健菜通信:今月の特集

目指すのは、日本一のアスパラ農家

2019年06月01日
「農業は科学だ」が持論の生産者を訪ねた。
それが間違ってはいないことを瑞々しいアスパラが示していた。

 余市郡赤井川村は、人口は1200人たらずの小さな村だ。四方を緑の山々に囲まれている村はカルデラ盆地にある。死火山とはいえ、噴火口に住民がいる日本唯一の地だ。
 ここに、日本一のアスパラ栽培を目指している生産者がいる。
「僕は大自然の中にあるこの村が大好きなんです」と話す赤木陽介さん(39歳)だ。

アスパラを選んだ理由

 赤木さんは札幌で生まれ、小学校の頃、赤井川村に引っ越してきた。高校では再び札幌へ戻り、さらに東京で就職。そして、25歳の時に「農業を仕事にしたい」という夢を実現するために、この地に帰ってきた。
「叔父さんの手伝いをして、農業の楽しさを知った」という赤木さん。いわばゼロからのスタートだが、その時からアスパラを専門に栽培しようと決めていたという。
「じつはトマトも栽培候補でした」
 しかし、トマトはすでに名人級の生産者がいて、そのレベルに追いつくのは容易なことではない。一方、アスパラは専門家と呼べる生産者がいないし、栽培技術も確立されていない。
「ひょっとすると、僕が日本一になれるかもしれない」
 そんな思いが原動力になった。
 最初はトラクターを隣から借りて土を耕していた。初めて建てたハウスが台風で吹き飛ばされたこともある。けれど赤木さんは研究を重ねながら、着実にアスパラの品質を高めてきた。やがて、遠方の料理人などから注文が相次ぐようになり、農園の規模も広がってきた。農園では、今、15人のスタッフが働いている。


見ただけで感じる「おいしさ」を

 北海道産アスパラの大半は露地栽培だが、ここは水分管理が行き届くハウス栽培だ。畑の土は「作業しにくいがポテンシャルが高い」(赤木さん)赤土の重粘土。気候は、盆地特有の内陸型気候で、昼夜の寒暖の差が大きく、栽培に最適な自然環境に恵まれている。
 トマトを筆頭に作物は、普通、おいしさと収穫量が反比例する。多収量を目的に栽培すると味が落ちてしまうのだが、アスパラは逆だという。
「より太く、たくさん採れた方が、おいしくなります」

 アスパラは若芽を食べる野菜だ。播種から収穫できるまでには3年かかるが、その後は、十数年間、同じ株から収穫し続けることができる。タンクと呼ばれている根を、大きな株に育てて養分を蓄えさせ、健康な状態を維持することが栽培のポイントだ。
 最初の年はシャープペンシルの芯のような若芽が、2年目はえんぴつの太さになり、それが翌年はまた太くなる。おいしいアスパラを育てるには、地中にある根の状態を把握して、数年先を見すえることができる高い技術が欠かせない。

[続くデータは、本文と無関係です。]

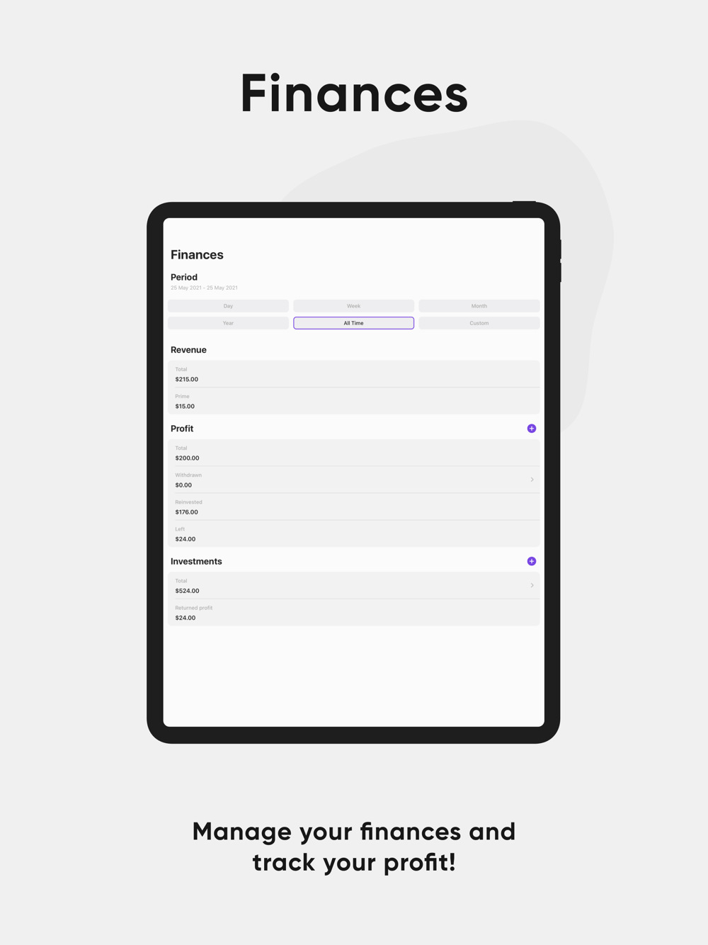 - Finances - manage your finances and track your profit without a ton of financial accounting!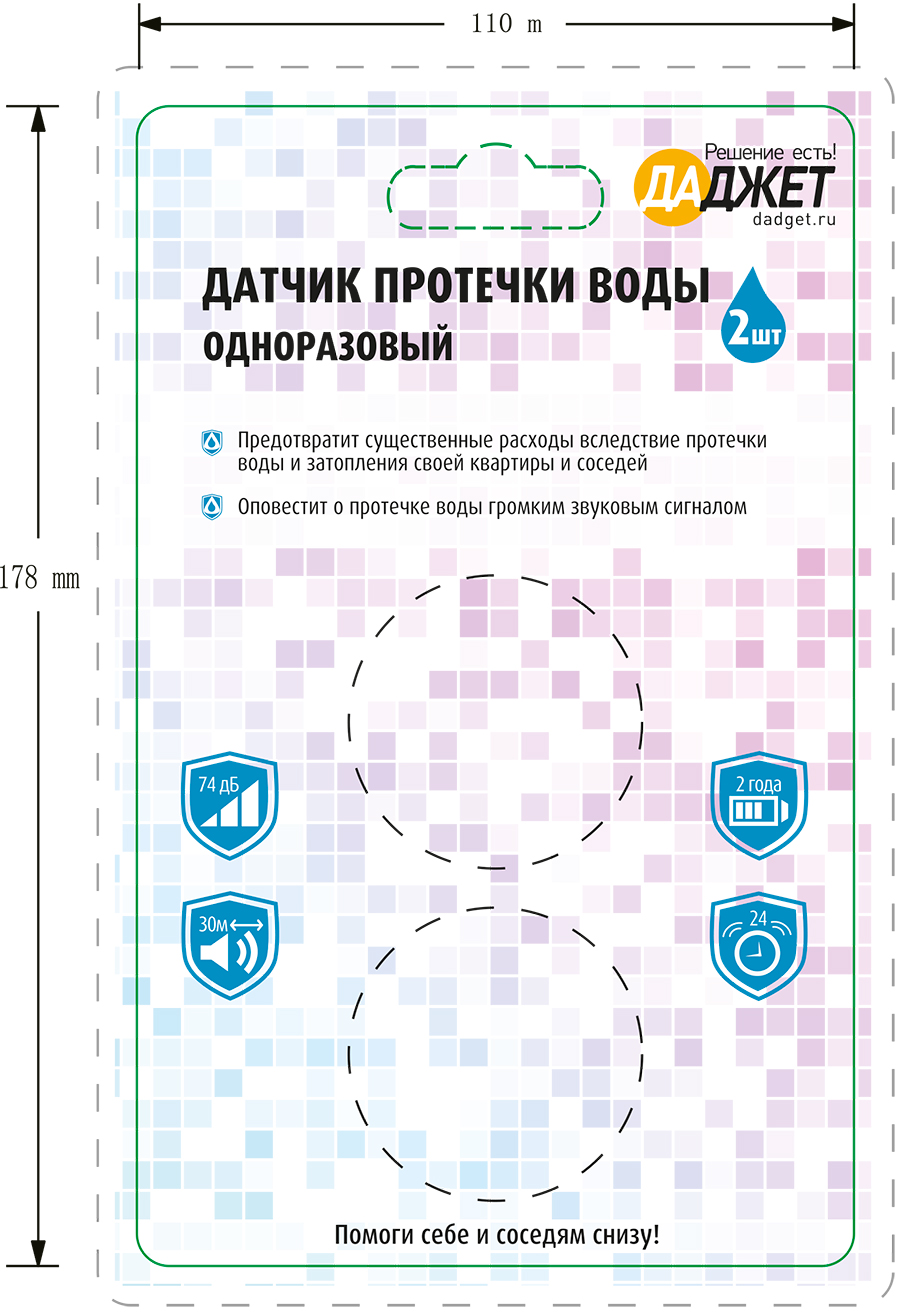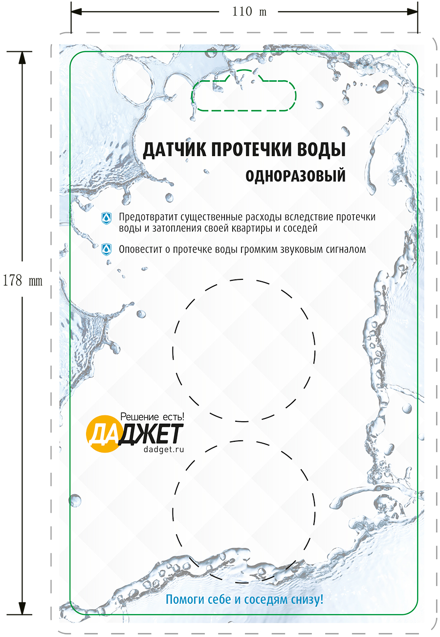 Финальный дизайн упаковки для одноразового датчика протечки воды (лицевая сторона).
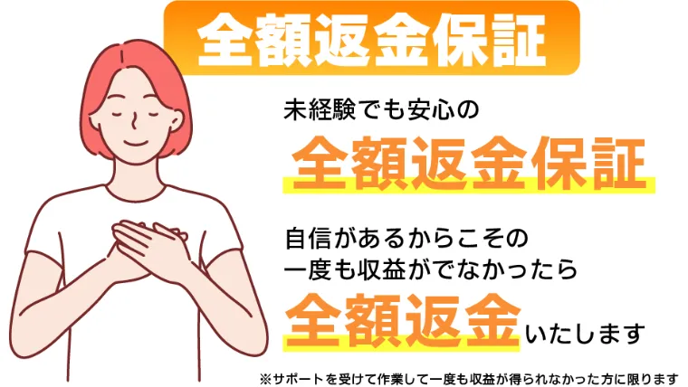 仮に稼げなかった場合でも、お金が戻ってくるので失敗するリスクを負いません。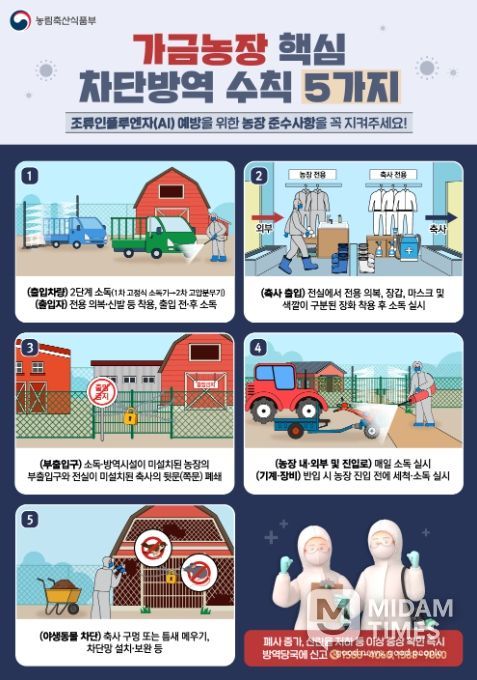 농식품부는 바이러스 접촉 가능성이 있는 철새도래지 등 출입을 삼가고, 전국의 가금 농장에서 출입 차량 소독, 축사 출입 전 전용 장화 갈아신기, 기계·장비 등을 축사 내 반입 시 세척 및 소독조치 등 기본적인 방역수칙을 철저히 준수해 줄 것을 강조했다.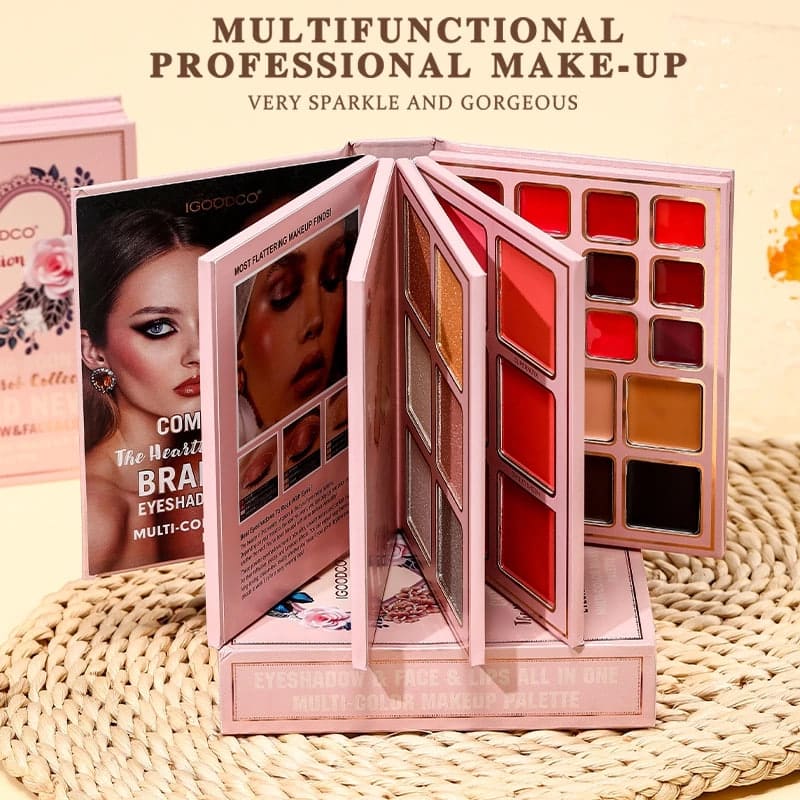 IGOODCO 78-Color 5-Page Book Style Makeup Palette is the ultimate all-in-one makeup kit, designed for beginners and professionals alike. With a stunning variety of eyeshadows, blushes, highlighters, contours, concealers, kajal, and lipsticks, this palette offers everything you need for a complete makeup look in one compact, travel-friendly design. Whether you’re creating a natural daytime glow or a bold, dramatic look, this palette has got you covered!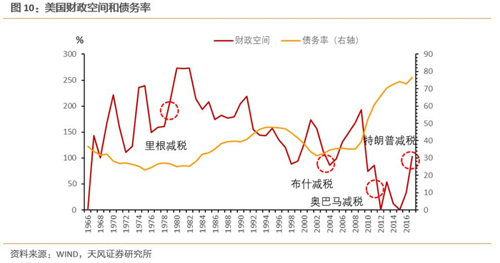 我们按照IMF的方法对美国财政空间进行了计算,发现里根减税和布什减税时,美国财政空间都相对宽裕或处在上升期,奥巴马减税时期是个例外,在布什减税后美国债务率持续上升,财政空间相对逼仄。但特朗普减税时美国债务率企稳,财政空间重又上升。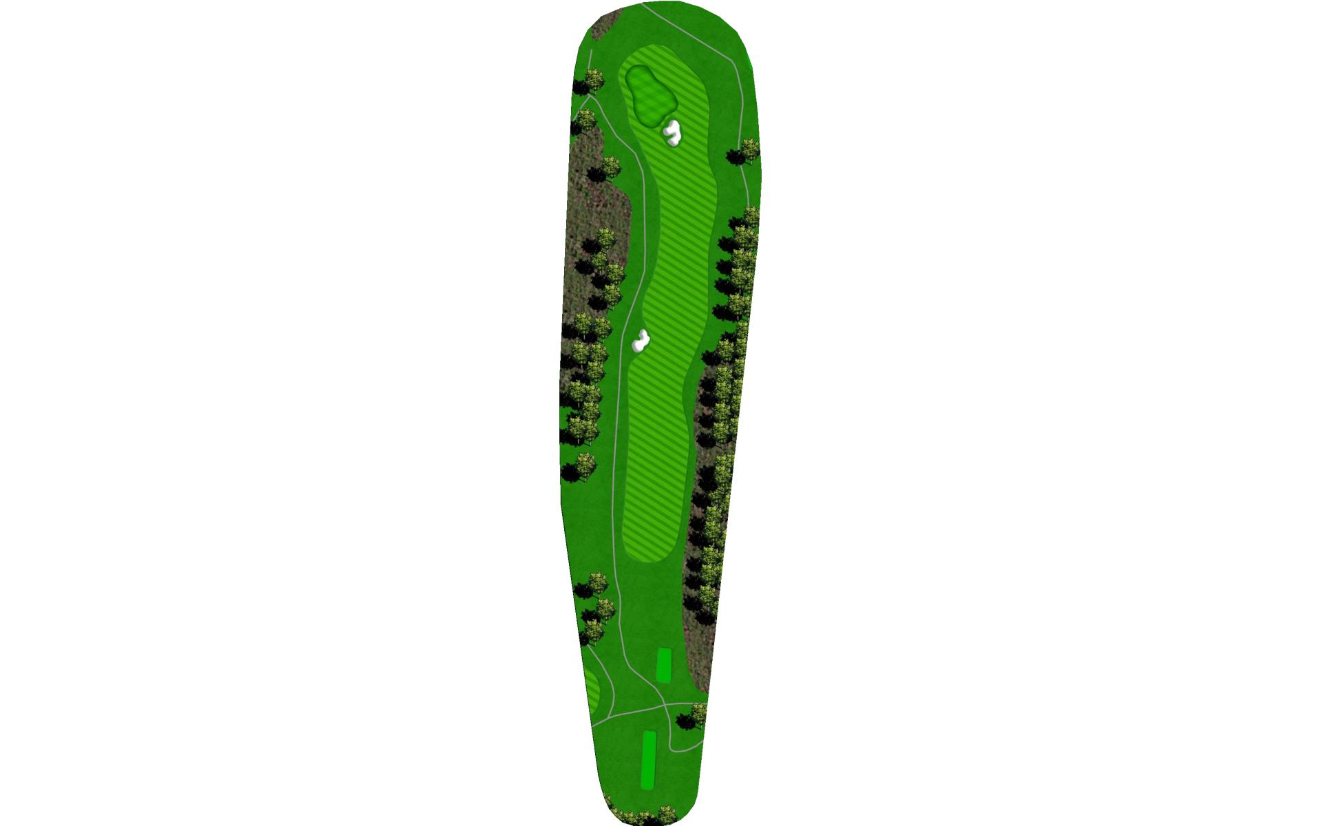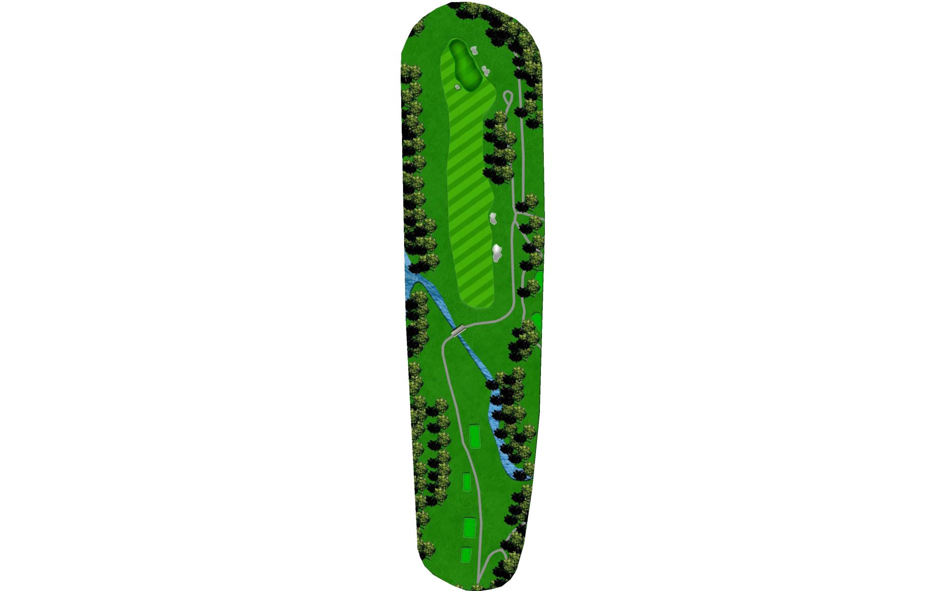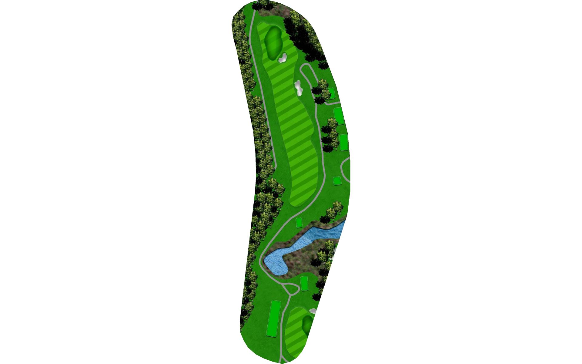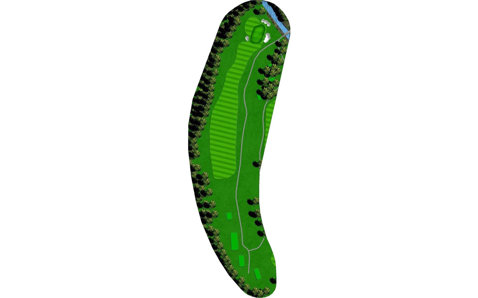 Drive it straight at the telephone pole through the fairway. There’s a slight dogleg left with a green that slopes severely back to front.

 「農業は科学だ」が持論の赤木さんは、アスパラの生理を研究し、科学的アプローチを続けてきた。
 「今は、食べる前からおいしいと感じる野菜をつくりたいと思っています」
 そのキーとなるのは香りだと赤木さんは考え、香り成分が高まる土づくりに取り組んでいる。
 赤木さんは毎日、アスパラを試食するが「まだ、満足できない」という。むしろ、「もっと上を目指すために、満足してはいけない」と自分を駆り立てているのだろう。
 さて、赤木さんは4月半ばから、アスパラの収穫が始めている。その美味がみなさんのもとに届くのは、もう間もなくだ。